What Privacy Laws Actually Say: HIPAA, FERPA, ADA—and the Myths That Block Inclusion
We hear it all the time:
“Sorry, we can’t give you that information. It’s HIPAA.”
“We can’t let the students exchange numbers. It’s FERPA.”
“We’d love to include your child in after-school activities, but...”
HIPAA doesn’t govern schools.
FERPA protects records, not relationships.
And ADA requires access—not avoidance.
Here’s what these laws actually say—and how they’re misunderstood in ways that fuel ableism and exclusion.
HIPAA: The Law That Doesn’t Even Apply to Schools
What HIPAA does:
Protects health information held by health care providers, insurers, and health plans.
What HIPAA does not apply to:
K–12 schools
Teachers
School districts
Students communicating with each other
Peer-to-peer interaction or access support
“Most schools are not covered by HIPAA because they do not provide health care services as covered entities.”
— U.S. Department of Health and Human Services (HHS)
“In general, the HIPAA Privacy Rule does not apply to elementary or secondary schools.”
If a school says it’s “HIPAA” preventing name sharing or support planning—they’re misapplying the law.
FERPA: The Law That Protects Records—Not Relationships
What FERPA does:
Protects access to and disclosure of educational records like transcripts, IEPs, and disciplinary history.
What FERPA does not do:
Ban students from knowing each other’s names
Prevent kids from exchanging phone numbers or contact info
Stop families from talking to each other about shared experiences
Justify isolation or exclusion
“FERPA applies to the privacy of education records. It does not prevent students or parents from exchanging information with each other.”
— U.S. Department of Education – FERPA FAQ
“FERPA does not prohibit a school from identifying a student as having a disability when it is necessary for health or safety, or for the provision of services.”
Bottom line: FERPA guards what’s in the file—not who your child is allowed to talk to.
ADA: The Law That Demands Equal Access
The Americans with Disabilities Act (ADA) and Section 504 of the Rehabilitation Act require schools to provide equal opportunity for students with disabilities—including in nonacademic and extracurricular settings.
This includes:
After-school programs
Sports teams
Field trips
Clubs
Peer mentoring
Any service or activity available to nondisabled students
“Students with disabilities must be afforded an equal opportunity to participate in nonacademic and extracurricular services and activities.”
“A recipient may not, on the basis of disability, deny a qualified student with a disability the opportunity to participate in or benefit from an aid, benefit, or service.”

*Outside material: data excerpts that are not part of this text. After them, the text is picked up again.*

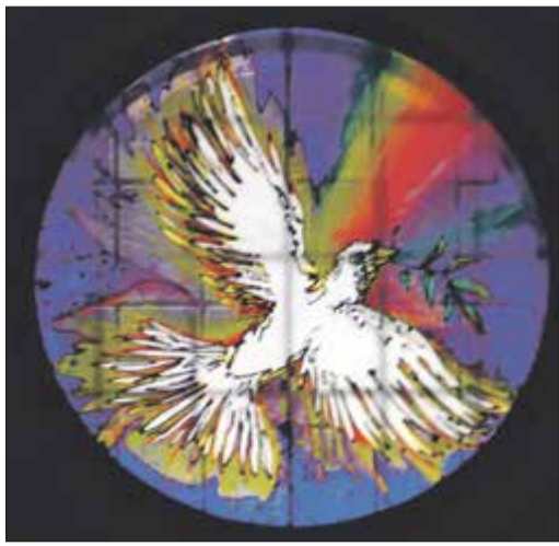
Die Friedenstaube ist zurück.
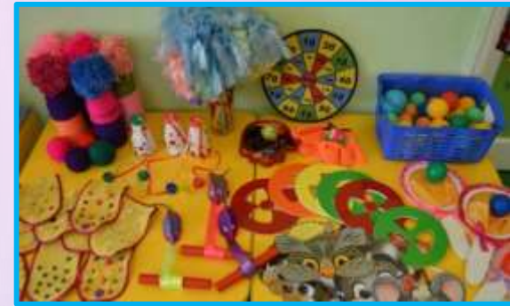
Конкурс нестандартного физоборудования
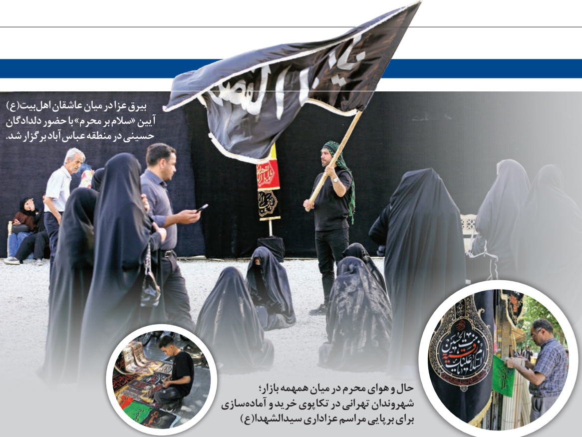
بیرق عزادار میان عاشقان اهل بیت (ع) آیین «سلام بر محرم» با حضور دلدادگان حسینی در منطقه عباس آباد برگزار شد.
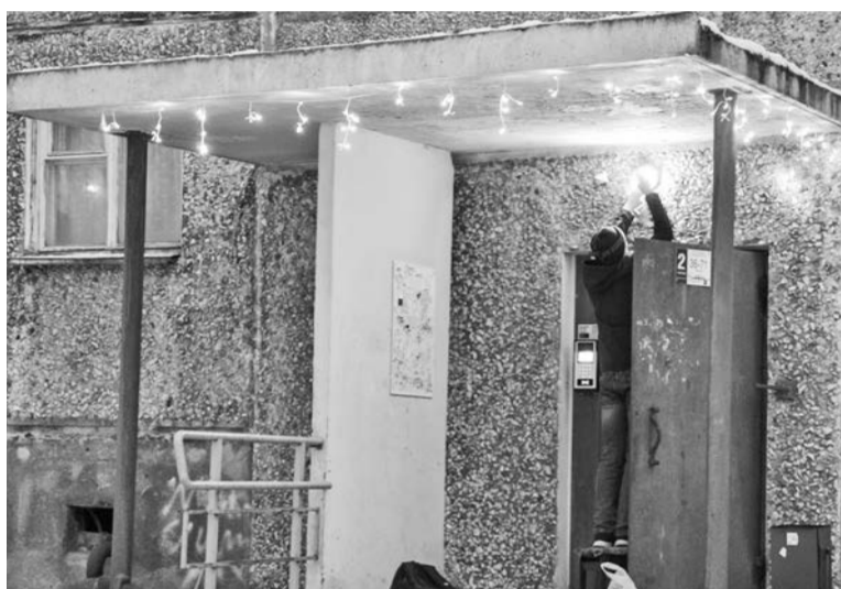
Сотрудники управляющих компаний на ул. Комсомольская уже создают для жителей праздничное настроение.

Анна ЛИПИНА.

ADA is a civil rights law. “Privacy” is not a valid excuse to deny access, support, or friendship.
So Why Are These Laws Misused So Often?
Most of the time, it’s not malice—it’s confusion. But that confusion causes real harm.
Schools and districts may invoke privacy laws:
To avoid liability
Because staff lack training on inclusion law
As a default “no” in place of real planning
Out of fear of “doing it wrong”
When “privacy” becomes a reason to withhold support, deny friendships, or block participation?
That’s not safety.
That’s ableism wearing a badge of legalese.

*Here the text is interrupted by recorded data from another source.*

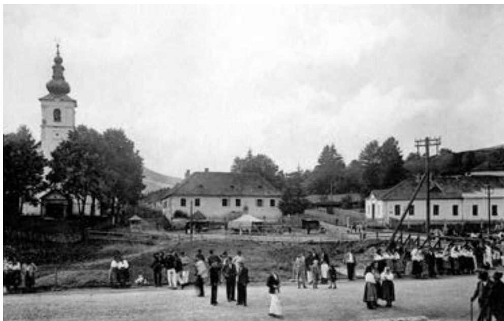
Alsóverecke látképe, 1930-as évek

A közvélemény az akcióban csupán „Rákóczi népének”, a magyarokhoz „ezer éve” hű ruszinoknak megsegítése érdekében indult önzetlen szociálpolitikai kezdeményezést látta, titkos politikai mozzatörugóit már nem. Az 1895 elején megalakult,
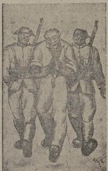
"El Cristo moderno" (Boceto)

El arte tiene excelentes y vigorosas manifestaciones en la guerra. Prueba de
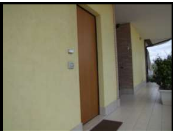
F. 05: INGRESSO DELL'ABITAZIONE UBICATO AL PIANO TERRA IN VIA INDUSTRIALE FF.SS., N. 5, CONTRADA SELVOTTA – VASTO (CH), P.LLA 4147 SUB. 10 (A/2)
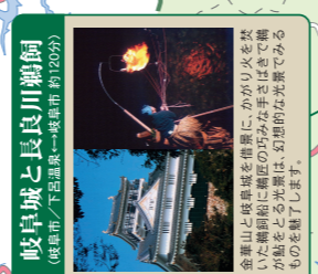
岐草城と長川神社 (岐草市/下呂温泉→岐草市(約100分))
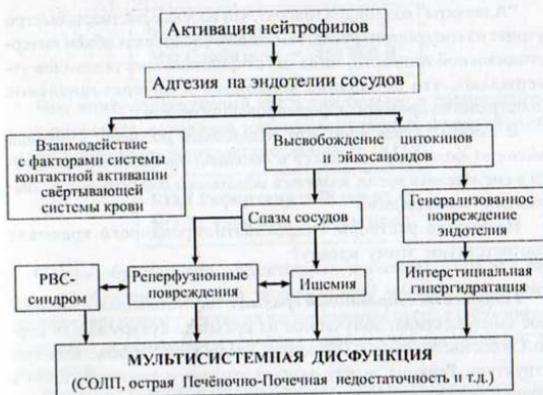
Рисунок 5. Механизм повреждения эндотелия при активации нейтрофилов.

странства. Резко увеличивается онкотическое давление в интерстиции и во внесосудистых пространствах, что приводит к увеличению внесосудистой гипергидратации вообще, и интерстициальному отёку лёгких в частности. Вдобавок происходит сдвиг жидкости внутрь клетки как результат повышения проницаемости клеточной мембраны для натрия. У больных сепсисом иногда появляется, казалось бы, совершенно неожиданная полиурия, которую можно объяснить ухудшением концентрационной способности почек. Уменьшение внутрисосудистого объёма сопровождается увеличением объёма жидкости в интерстициальном пространстве, что ухудшает тканевую оксигенацию, поскольку затрудняет транспорт энергетических субстратов и метаболитов. Можно ли в этих условиях рассчитывать на терапевтический эффект коллоидных растворов с низкой и средней молекулярной массой (альбумин, плазма, декстраны)? Безусловно, что в этих условиях
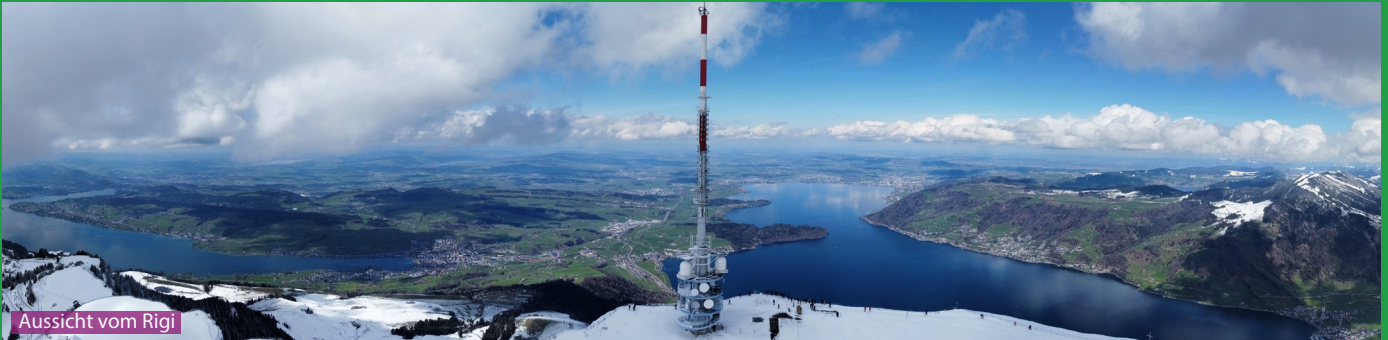
Aussicht vom Rigi

Folgen sie den Wegweisern Richtung Rigi Kulm, Rigi Klösterli oder Rigi Staffel aber nicht Richtung Rigi Scheidegg. Es gibt auf dem Weg einige Alternativen und Abkürzungen auf die Rigi. Wer die Wanderung im Winter macht oder wenn noch Schnee liegt, sollte ab Rigi Klösterli auf der geteerten Strasse Richtung Rigi Staffel laufen. Einige Restaurant sind nicht das ganze Jahr offen (vorher googeln).
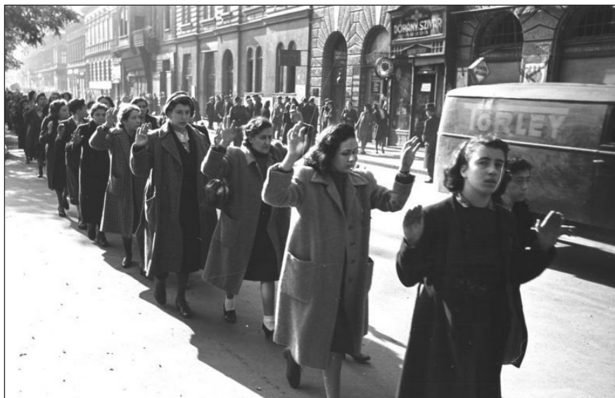
Letartóztatott zsidó nők menete a budapesti Wesselényi utcában, 1944. október 20.
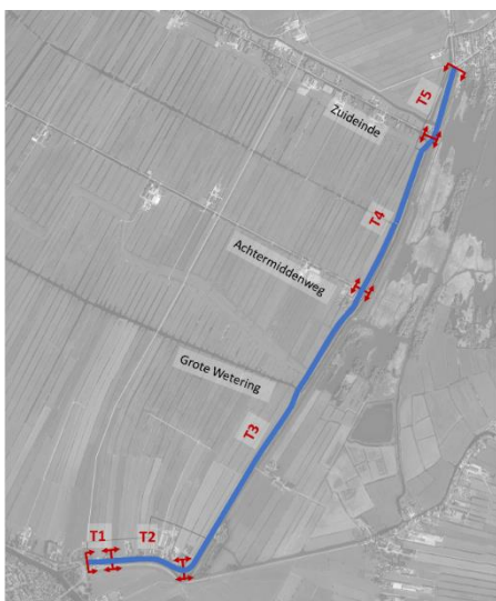
Figuur 3: Variant West

Alternatief Oost ten zuiden van de kruising met de Zierendevaart en het Combinatie-Alternatief vervallen. Het kruisen van de Zierendevaart middels een beweegbare of hoge brug wordt niet realistisch geacht. Het noordelijke deel is meegenomen als onderdeel van West Variant Plus, Optie 1.
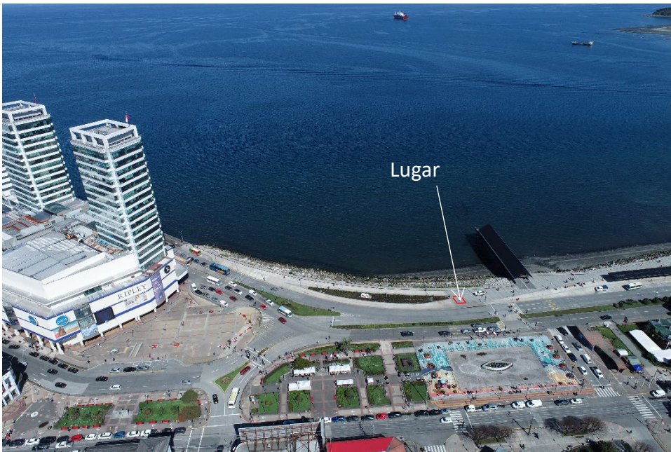
Vista 02 – Zona de vereda peatonal Parque Costanera

Summary: The Law Is Not the Problem. Misuse Is.
❌ "It's HIPPA."
✅ HIPAA doesn’t apply to schools.
📎 Legal source: HHS.gov
❌ "FERPA doesn't allow that."
✅ FERPA protects records. Not peer interaction or relationships.
📎 Legal source: DOE FERPA FAQ
❌ “We can’t. It would disclose their disability.”

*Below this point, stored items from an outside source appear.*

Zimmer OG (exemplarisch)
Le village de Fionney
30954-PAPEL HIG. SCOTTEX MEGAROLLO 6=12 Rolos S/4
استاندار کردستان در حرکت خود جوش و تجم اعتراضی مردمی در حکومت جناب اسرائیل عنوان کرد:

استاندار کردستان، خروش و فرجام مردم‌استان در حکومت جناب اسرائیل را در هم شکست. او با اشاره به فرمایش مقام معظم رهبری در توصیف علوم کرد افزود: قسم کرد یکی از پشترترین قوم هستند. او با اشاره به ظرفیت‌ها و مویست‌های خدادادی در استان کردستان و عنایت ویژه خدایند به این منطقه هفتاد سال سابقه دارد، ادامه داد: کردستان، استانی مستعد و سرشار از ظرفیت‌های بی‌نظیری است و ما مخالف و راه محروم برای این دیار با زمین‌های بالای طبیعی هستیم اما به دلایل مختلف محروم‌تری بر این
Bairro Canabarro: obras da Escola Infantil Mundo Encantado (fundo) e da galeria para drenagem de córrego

✅ ADA requires inclusion. Denying access = discrimination.
📎 Legal source: OCR Guidance
❌ “Legally, our hands are tied.”
✅ The law actually mandates equal opportunity and support.
📎 Legal source: 34 CFR § 104.4
Final Word: Privacy Law Should Never Be Used to Isolate Kids
HIPAA was made for hospitals—not school hallways.
FERPA protects files—not friendships.
ADA exists to open doors, not excuse institutions from building ramps.
So the next time someone cites “privacy” as a reason to block connection, limit participation, or deny support, ask for the policy in writing. Ask which law it references. Ask what statute backs the decision.
Because inclusion is a civil right—not a loophole.
And our kids deserve better than acronym armor masking exclusion.